= ASSIGNMENT =
Give again, unaltered, the line with "접수가 분류되어 있다." and all lines that follow it in the listing below, minus any pictures.
··· DATA PROVIDED ···
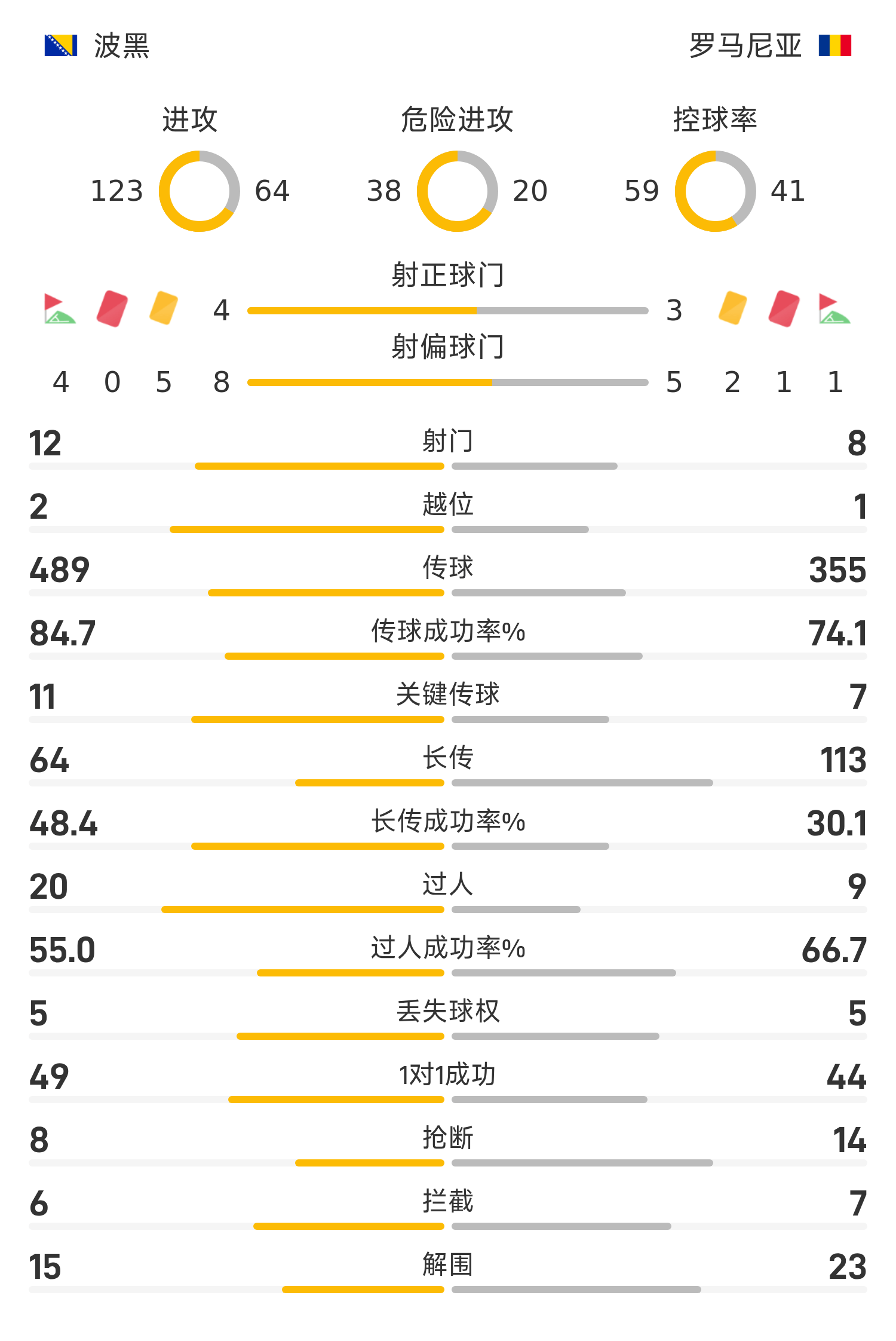 波黑首发阵容:1-瓦西尔吉、18-卡蒂奇、7-德迪奇、4-穆哈雷莫维奇、23-马利克(46’21-阿拉杰贝戈维奇)、17-布鲁诺(70’13-巴希奇)、15-梅米奇、6-塔希罗维奇(83’16-哈德齐亚梅托维奇)、9-巴兹达(46’10-塔巴科维奇)、20-巴伊拉塔雷维奇、11-哲科(90’8-吉戈维奇)
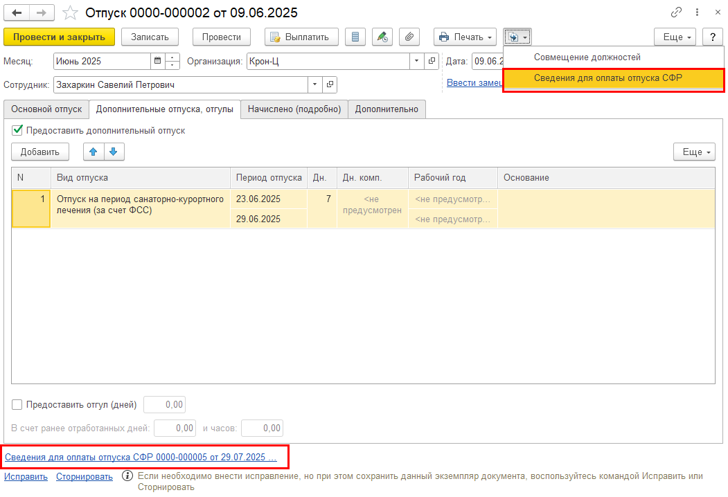 Сведения создаются на основании отпуска. В документ с видом отпуска "Отпуск на период санаторно-курортного лечения (за счет ФСС)" добавлена команда создания документа "Сведения для оплаты отпуска СФР" на основании. В нижней части документа теперь отображаются последние созданные сведения по отпуску.
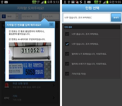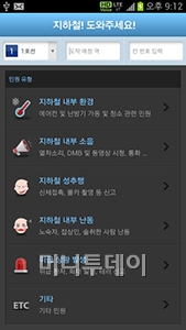 '지하철 도와 주세요'는 서울 메트로 및 코레일에서 제공하는 문자 민원 접수 서비스를 보다 쉽게 이용할 수 있도록 도와주는 앱이다. 지하철 내부 환경 및 각종 소음, 성추행, 위급 상황 발생 등 지하철 이용객이 주로 겪는 불편 사항을 중심으로 민원 접수가 분류되어 있다.
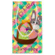 Easter - Colourful random chequerboard pattern in spring pastel colours including lemon yellow, carnation pink, blue-green and light green and two shades of orange. Image of a cute grey cartoon rabbit and an Easter basket with colourful eggs.
···
= OUTPUT OF THE EXERCISE =
 '지하철 도와 주세요'는 서울 메트로 및 코레일에서 제공하는 문자 민원 접수 서비스를 보다 쉽게 이용할 수 있도록 도와주는 앱이다. 지하철 내부 환경 및 각종 소음, 성추행, 위급 상황 발생 등 지하철 이용객이 주로 겪는 불편 사항을 중심으로 민원 접수가 분류되어 있다.
 Easter - Colourful random chequerboard pattern in spring pastel colours including lemon yellow, carnation pink, blue-green and light green and two shades of orange. Image of a cute grey cartoon rabbit and an Easter basket with colourful eggs.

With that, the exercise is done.